Indian artist (1899–1976)

Sardar Ganda Thakar Singh (1899–1976), popularly known as S. G. Thakur Singh, artist who painted in oils, pastels and water colour. He is mostly remembered for his works depicting landscapes, portraiture, and still-lifestyle. He worked in the Indian film industries located in Bombay and Calcutta. He was acquainted with members of the Bengal renaissance movement of art, such as Nand Lal Bose and the Tagore brothers. (Note: The Tagore brothers referred to are Abanindranath Tagore and Gaganendranath Tagore.) Although he had been familiar with traditional Sikh methods of art created by his predecessors, he preferred modern methods and was not influenced by the indigenous methods. He was permanently patronized and paid a commission by many Indian royal houses, such as Kota, Udaipur, Bhopal, Kashmir, Dongarpur, Travancore, Nawan Nagar, Bikaner, Patiala, Kapurthala, and several other Indian princely states. Ordhendra Coomar Gangoly was his appreciative critic. He was the founder of the Indian Academy of Fine Arts and the Thakar Singh School of Arts.

==Early life==
He was born in 1890 into a Ramgarhia family in the tiny farming village of Verka, located near Amritsar, Punjab, India. He received some art training from Mohammed Alam at V. D. J. Technical Institute in Lahore. After this training, he would find success as an artist.

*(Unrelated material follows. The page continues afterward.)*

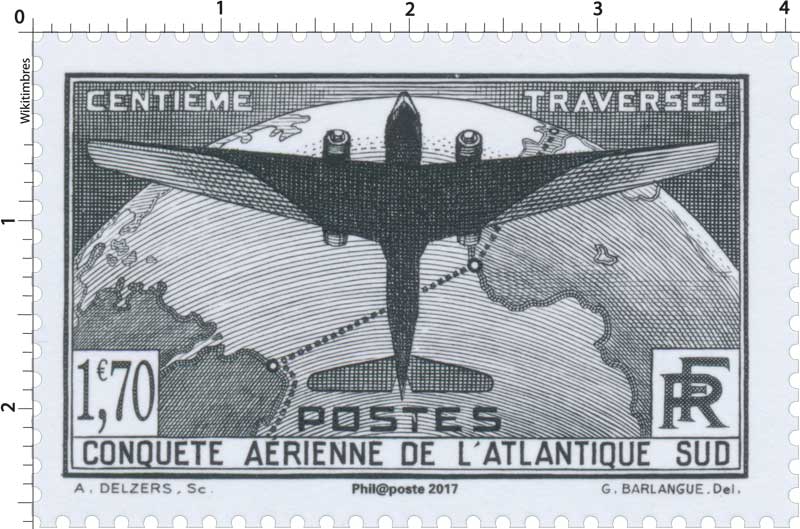 | Description | Réédition du timbre : 1936 - 100e traversée aérienne de l'Atlantique sud par les avions postaux français |

Interviewed at the age of 74, Singh said that when he was seventeen, "I was forced by my guardians to join the Victoria Diamond Hindu Technical Institute, Lahore, to take up an engineering course. I wasted there two years and left it in disgust."When he returned to his village his former teacher, Mohammed Alam, persuaded him to come to Mumbai, where Alam had secured a job as a scene-painter in a Mumbai theatre. While in Mumbai, Singh worked both at odd jobs in the studio and on his own, with Alam guiding him.

"One fine morning" Singh recalls, "I was busy painting a landscape at Chowpati Beach, Mumbai, when a couple suddenly stopped beside me and began admiring my painting which was, by that time, almost complete. The gentlemen, an influential Parsi editor of a Bombay Magazine, goaded me into sending the painting to an exhibition of the Simla Fine Arts Society." There his painting won the first prize of Rs. 500, among the landscapes. I was then only eighteen, and you can well imagine my joy and pride at getting the prize.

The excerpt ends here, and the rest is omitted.